> _DATASET RECORDS_:
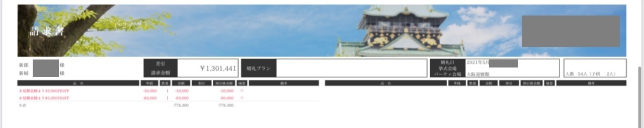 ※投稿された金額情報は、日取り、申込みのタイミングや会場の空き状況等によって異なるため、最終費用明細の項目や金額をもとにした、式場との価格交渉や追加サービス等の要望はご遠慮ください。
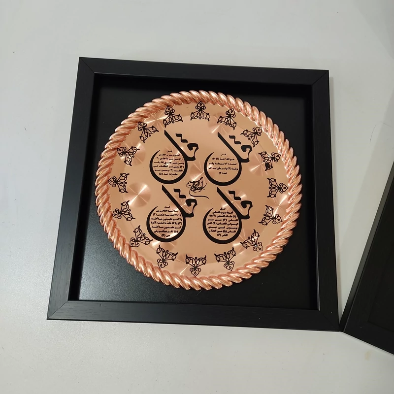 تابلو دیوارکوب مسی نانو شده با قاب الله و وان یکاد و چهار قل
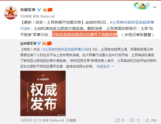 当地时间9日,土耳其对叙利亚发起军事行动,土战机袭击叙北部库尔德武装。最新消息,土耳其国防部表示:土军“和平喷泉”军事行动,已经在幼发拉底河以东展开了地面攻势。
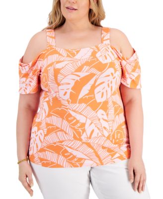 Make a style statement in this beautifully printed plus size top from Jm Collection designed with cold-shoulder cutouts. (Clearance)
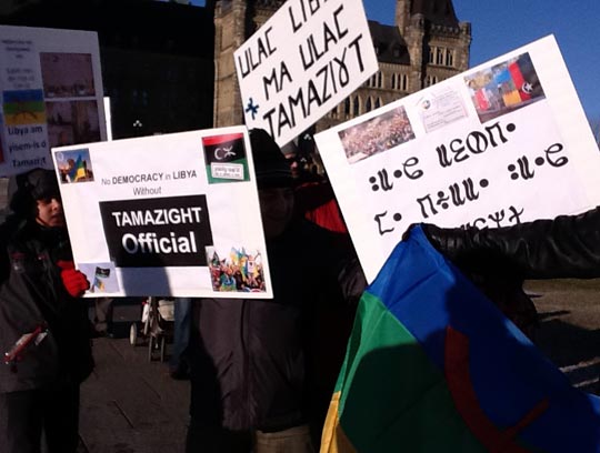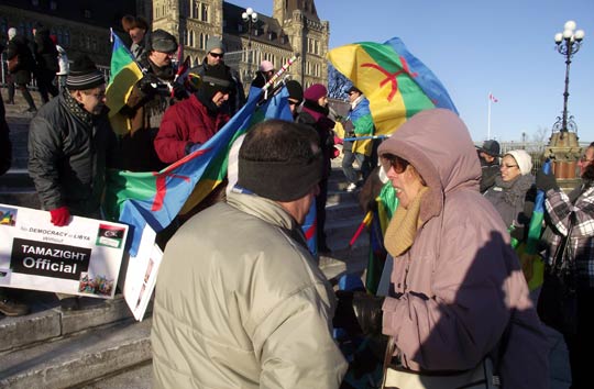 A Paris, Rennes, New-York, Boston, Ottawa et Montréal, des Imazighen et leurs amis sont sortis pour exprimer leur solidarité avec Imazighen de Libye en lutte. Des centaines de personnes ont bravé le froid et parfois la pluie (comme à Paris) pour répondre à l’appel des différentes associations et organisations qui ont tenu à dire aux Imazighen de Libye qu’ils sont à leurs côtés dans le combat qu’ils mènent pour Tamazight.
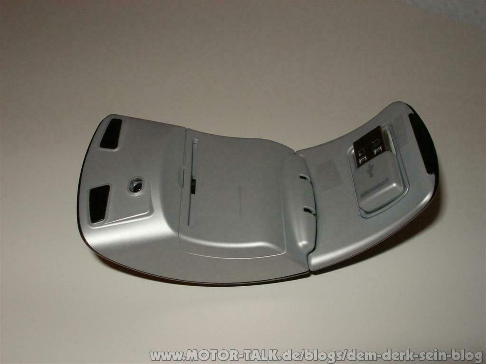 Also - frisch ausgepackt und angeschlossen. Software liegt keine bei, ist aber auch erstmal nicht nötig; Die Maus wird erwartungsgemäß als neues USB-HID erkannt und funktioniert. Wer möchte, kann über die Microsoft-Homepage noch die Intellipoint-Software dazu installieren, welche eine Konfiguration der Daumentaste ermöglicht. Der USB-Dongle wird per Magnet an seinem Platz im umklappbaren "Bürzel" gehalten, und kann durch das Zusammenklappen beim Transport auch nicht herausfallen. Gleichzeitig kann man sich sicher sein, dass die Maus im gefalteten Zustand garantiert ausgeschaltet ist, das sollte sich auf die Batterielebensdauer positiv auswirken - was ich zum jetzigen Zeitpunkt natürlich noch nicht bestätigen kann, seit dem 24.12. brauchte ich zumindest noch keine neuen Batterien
---
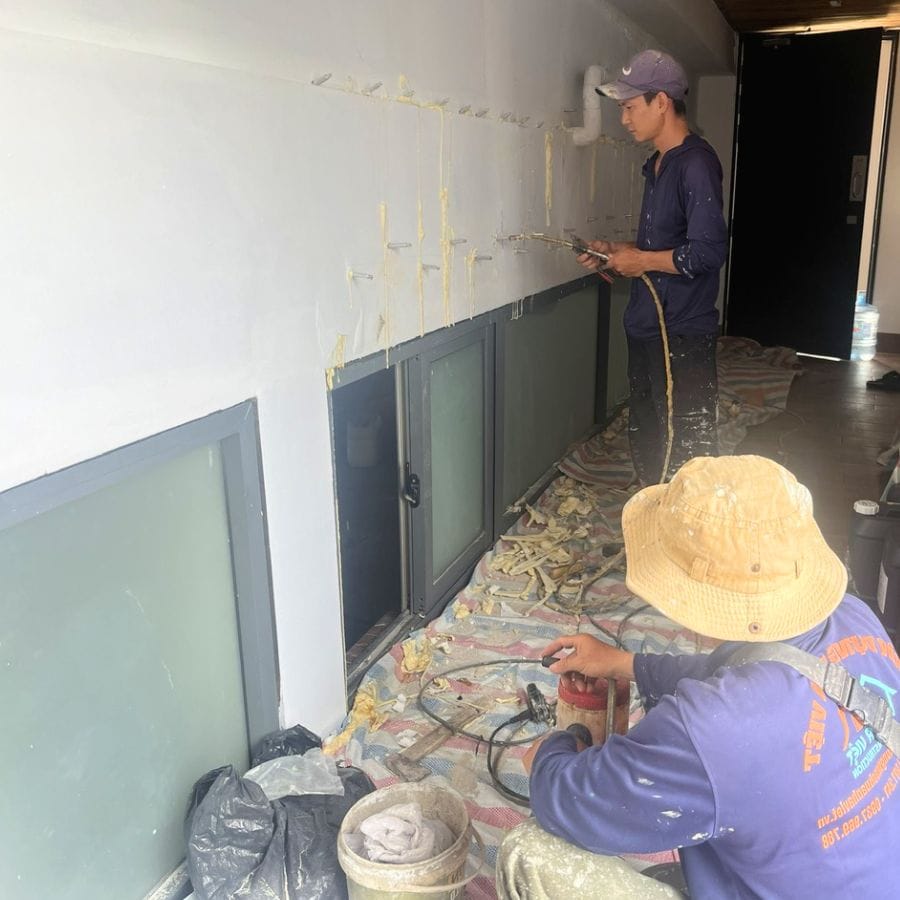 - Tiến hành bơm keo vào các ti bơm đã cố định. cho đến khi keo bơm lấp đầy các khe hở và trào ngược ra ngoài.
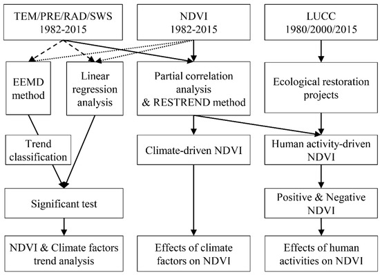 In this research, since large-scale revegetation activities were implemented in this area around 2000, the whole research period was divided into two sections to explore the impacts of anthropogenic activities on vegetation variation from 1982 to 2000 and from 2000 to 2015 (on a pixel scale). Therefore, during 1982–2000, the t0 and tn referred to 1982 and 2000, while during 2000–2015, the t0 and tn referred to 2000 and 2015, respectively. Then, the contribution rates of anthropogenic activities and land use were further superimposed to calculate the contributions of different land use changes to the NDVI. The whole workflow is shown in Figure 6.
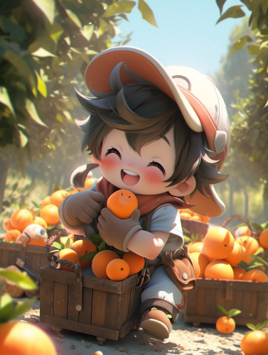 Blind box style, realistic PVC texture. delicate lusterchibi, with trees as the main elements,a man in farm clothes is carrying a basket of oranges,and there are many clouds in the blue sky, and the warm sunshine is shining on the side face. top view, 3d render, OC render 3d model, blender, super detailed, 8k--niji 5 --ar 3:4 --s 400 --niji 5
---
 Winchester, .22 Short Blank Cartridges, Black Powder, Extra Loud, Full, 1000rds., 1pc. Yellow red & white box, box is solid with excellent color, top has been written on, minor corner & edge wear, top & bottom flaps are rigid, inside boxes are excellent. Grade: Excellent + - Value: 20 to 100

> _ASSIGNMENT_: From the records above, copy exactly the stretch from the line holding "In this research, since" through the line holding "Blind box style, realistic", both ends included, without the pictures.

> _RESPONSE AREA_:
 In this research, since large-scale revegetation activities were implemented in this area around 2000, the whole research period was divided into two sections to explore the impacts of anthropogenic activities on vegetation variation from 1982 to 2000 and from 2000 to 2015 (on a pixel scale). Therefore, during 1982–2000, the t0 and tn referred to 1982 and 2000, while during 2000–2015, the t0 and tn referred to 2000 and 2015, respectively. Then, the contribution rates of anthropogenic activities and land use were further superimposed to calculate the contributions of different land use changes to the NDVI. The whole workflow is shown in Figure 6.
 Blind box style, realistic PVC texture. delicate lusterchibi, with trees as the main elements,a man in farm clothes is carrying a basket of oranges,and there are many clouds in the blue sky, and the warm sunshine is shining on the side face. top view, 3d render, OC render 3d model, blender, super detailed, 8k--niji 5 --ar 3:4 --s 400 --niji 5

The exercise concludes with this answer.